Die LC-MS-Ergebnisse wurden auch mit spektrometrischen Messungen verglichen. Für die spektrophotometrische Analyse wurden die Carotinoide in 1 ml Hexan gelöst und die Absorption bei 663 nm und 445 nm abgelesen. Die Fucoxanthin-Konzentration wurde mithilfe einer Fucoxanthin-Kalibrierungskurve (0,2–10 µg/ml) berechnet (Ergänzungsdaten). Die Fucoxanthin-Absorption bei 445 nm wurde durch Subtrahieren der Absorption bei 663 (Chlorophyll-Interferenz) korrigiert. Diese Korrektur ist erforderlich, da die Kalibrierungskurve nur für Fucoxanthin gilt und es möglicherweise zu Überschneidungen zwischen den Absorptionen von Chlorophyll (A und C bei 663) und Fucoxanthin (bei 445) kommt.

Alle Experimente wurden doppelt durchgeführt, wobei der Mittelwert ± Standardabweichung (SD) angegeben wurde. Die Daten wurden mit Graph Pad Prism v 9.4 aufgezeichnet.
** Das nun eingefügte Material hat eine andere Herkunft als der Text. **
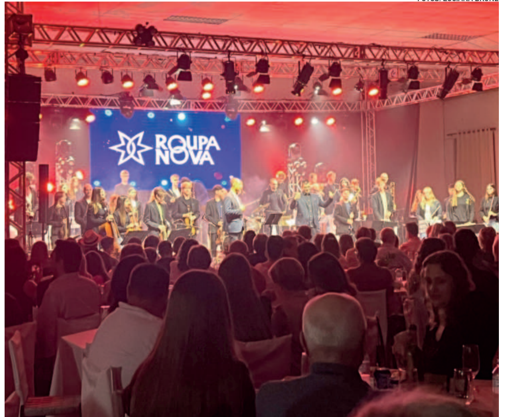
Especial Roupas nova encantou o público em Teutônia

TEUTÔNIA ▶ “VOU GRITAR PRA TODO MUNDO OUVIR”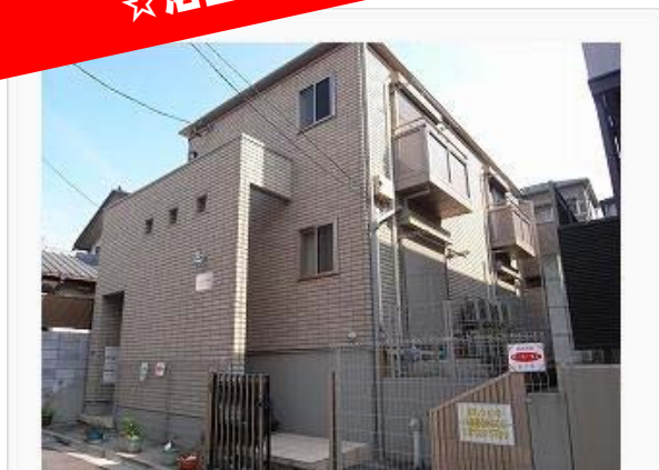
総タイル貼の外観

京浜東北線大井町駅徒歩6分 東急大井町線大井町駅徒歩7分 りんかい線大井町駅徒歩7分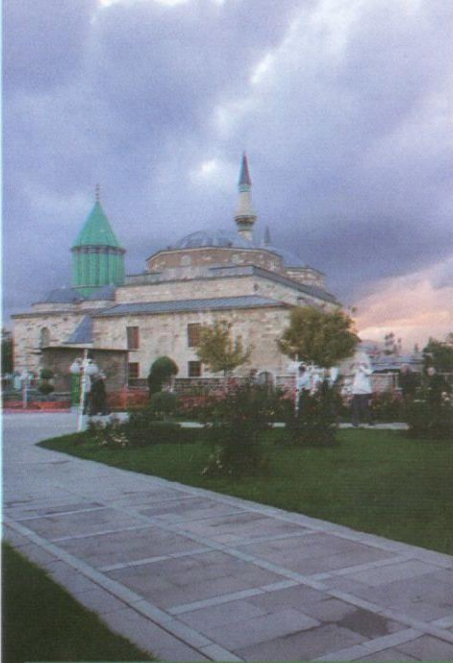
Kompleks makam ar-Rumi yang sekali pandang seakan-akan masjid Haya Sofia di Istanbul.

pengunjung masih boleh melawat tempat berkenaan. Dengan melewatinya bagaikan berkunjung ke sebuah istana yang dikelilingi oleh taman yang sangat cantik. Sesekali haruman mawar menyapa dan memberikan aura segar. Tidak dapat kugambarkan betapa indahnya taman ini pada musim bunga.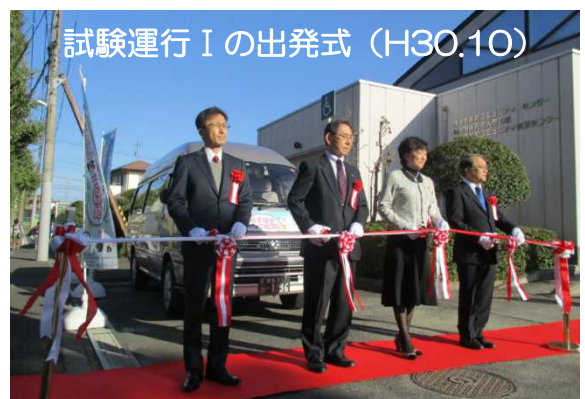
試験運行 I の出発式 (H30.10)

本格運行への移行を記念し、 出発式 を開催します。日時は 4月2日(金)8時40分 から予定しており、場所は 燕沢コミュニティセンター前 です。詳細は 町内会長 にお問い合わせください。皆様のご参加をお待ちしております。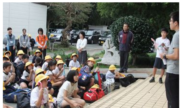
無事学校に帰ってきました

Um den Gasaustausch in den AC-PBRs zu bestimmen, wurden die CO2- und O2-Diffusionsraten über den LDPE-Kunststoff qualitativ geschätzt. Der mit CO2 (300 ml) gefüllte AC-PBR war nach ca. 24 Stunden flach, was die Gradientendiffusion des eingeschlossenen CO2 in die Außenluft bestätigt. Darüber hinaus war der in Wasser mit einem anfänglichen pH-Wert von 7,1 getauchte AC-PBR nach etwa 24 Stunden ebenfalls flach und der pH-Wert des Wassers sank auf 5,7, was wiederum die Gradientendiffusion des eingeschlossenen CO2 in das Wasser und die anschließende Bildung von Kohlensäure (H2CO3) bestätigt ). Um festzustellen, ob bei der Luftübertragung eine Richtungsabhängigkeit vorlag, wurde ein separates, mit Luft gefülltes AC-PBR im Anlieferungszustand in ein verschließbares Glasgefäß mit weitem Hals gegeben, wobei das Gefäß mit CO2 gefüllt und verschlossen war. Am nächsten Morgen wurde ebenfalls nach ca. 24 Stunden festgestellt, dass die Höhe des AC-PBR um ca. das Vierfache auf einen Durchmesser größer als die Öffnung des Gefäßes angewachsen war, was die Diffusion unter einem Gradienten des äußeren CO2 nach außen durch das Gefäß bestätigte LDPE AC-Wand in den inneren luftgefüllten Bereich.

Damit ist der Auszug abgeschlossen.